The arithmetic mean provides a nice way to look at overall quality, but where were the quality changes happening? Where Stubs being converted to Start? Are GAs becoming FAs? In this section, we'll compare the proportion of articles that fall into each quality class prediction over time.

mq.by_prediction = rbind(
    mq[,list(month=month, group=group, possible_n=possible_n, prediction="Empty", n=possible_n-(stub_n+start_n+c_n+b_n+ga_n+fa_n)),],
    mq[,list(month=month, group=group, possible_n=possible_n, prediction="Stub", n=stub_n),],
    mq[,list(month=month, group=group, possible_n=possible_n, prediction="Start", n=start_n),],
    mq[,list(month=month, group=group, possible_n=possible_n, prediction="C", n=c_n),],
    mq[,list(month=month, group=group, possible_n=possible_n, prediction="B", n=b_n),],
    mq[,list(month=month, group=group, possible_n=possible_n, prediction="GA", n=ga_n),],
    mq[,list(month=month, group=group, possible_n=possible_n, prediction="FA", n=fa_n),]
)
mq.by_prediction$prediction = ordered(mq.by_prediction$prediction, levels=c("Empty", "Stub", "Start", "C", "B", "GA", "FA"))
options(repr.plot.height=5, repr.plot.width=10)
plot = ggplot(
    mq.by_prediction[prediction %in% c("Empty", "Stub", "Start", "C"),],
    aes(x=month, y=n/possible_n, linetype=group, color=group)
) + 
theme_bw() + 
facet_wrap(~prediction, nrow=1) + 
geom_line() + 
scale_y_continuous("Proportion of all 'possible articles'")
print(plot)

In the plot above, we can see some clear differences between Wikipedia overall and articles about Women Scientists.

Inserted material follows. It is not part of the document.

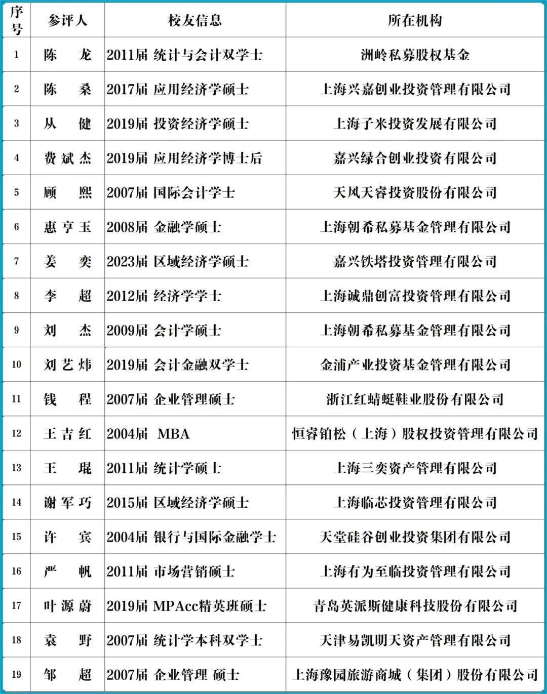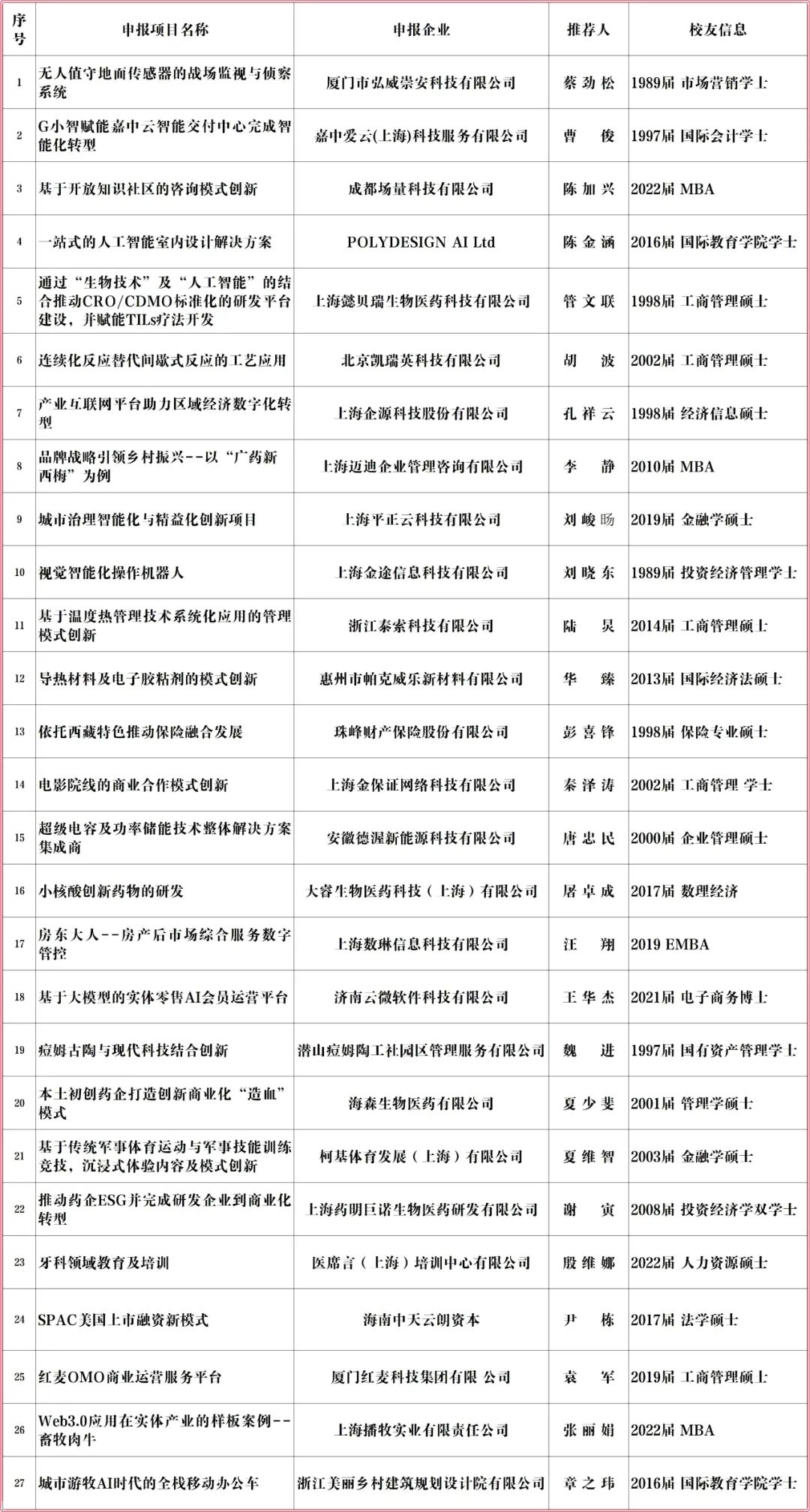 通过组委会实地走访、背景调查等初审,并报送各奖项的专家评委会评审,现有27个实践案例、19位投资人、20位专业人入围“创新创业最佳实践”、“优秀投资人”、“卓越专业人”各奖项获奖名单,现予以公示。

The "Empty" cell shows the proportion of articles that exist at the end of our observations ("possible_n") that were not yet created. Here, we can see that the rate of creation of articles for all of Wikipedia is much faster than the rate of creation of Women Scientist articles until mid-2013.

Surprisingly, the "Stub" cell show that Wikipedia generally saw a steady growth of Stubs whereas Women Scientists saw period growth. Between 2004 and 2009, Women Scientist Stubs grew steadily, but then stopped until mid-2013 when there was a sudden up-tick that continues until the end of our data (Aug 2016).

The creation (or promotion) of Women Scientist articles to Start class runs much more in-step with the rest of Wikipedia for most of its history, but it shows a suddent growth around beginning of 2013. A similar trend plays out in "C" class articles.

plot = ggplot(
    mq.by_prediction[prediction %in% c("B", "GA", "FA"),],
    aes(x=month, y=n/possible_n, linetype=group, color=group)
) + 
theme_bw() + 
facet_wrap(~prediction, nrow=1) + 
geom_line() + 
scale_y_continuous("Proportion of all 'possible articles'")
print(plot)

The proportion of articles falling to "B" class shows a dramatically different trend for all Wikipedia (exponential growth with an abrupt stop in 2007) and articles about women scientists (eponential growth until 2007, followed by a sharp decline to a valley between 2011 and 2014 and recovery). The proportion of GA articles largely tracks overall Wikipedia, though there's a smaller proportion of GA class women scientist articles between 2007 and 2013 followed by a dramatically higher proportion from 2013 forward. The FA class cell shows the proportion of FA (Wikipedia's highest quality class) articles about women scientists has been consistently lower than the rest of the encyclopedia.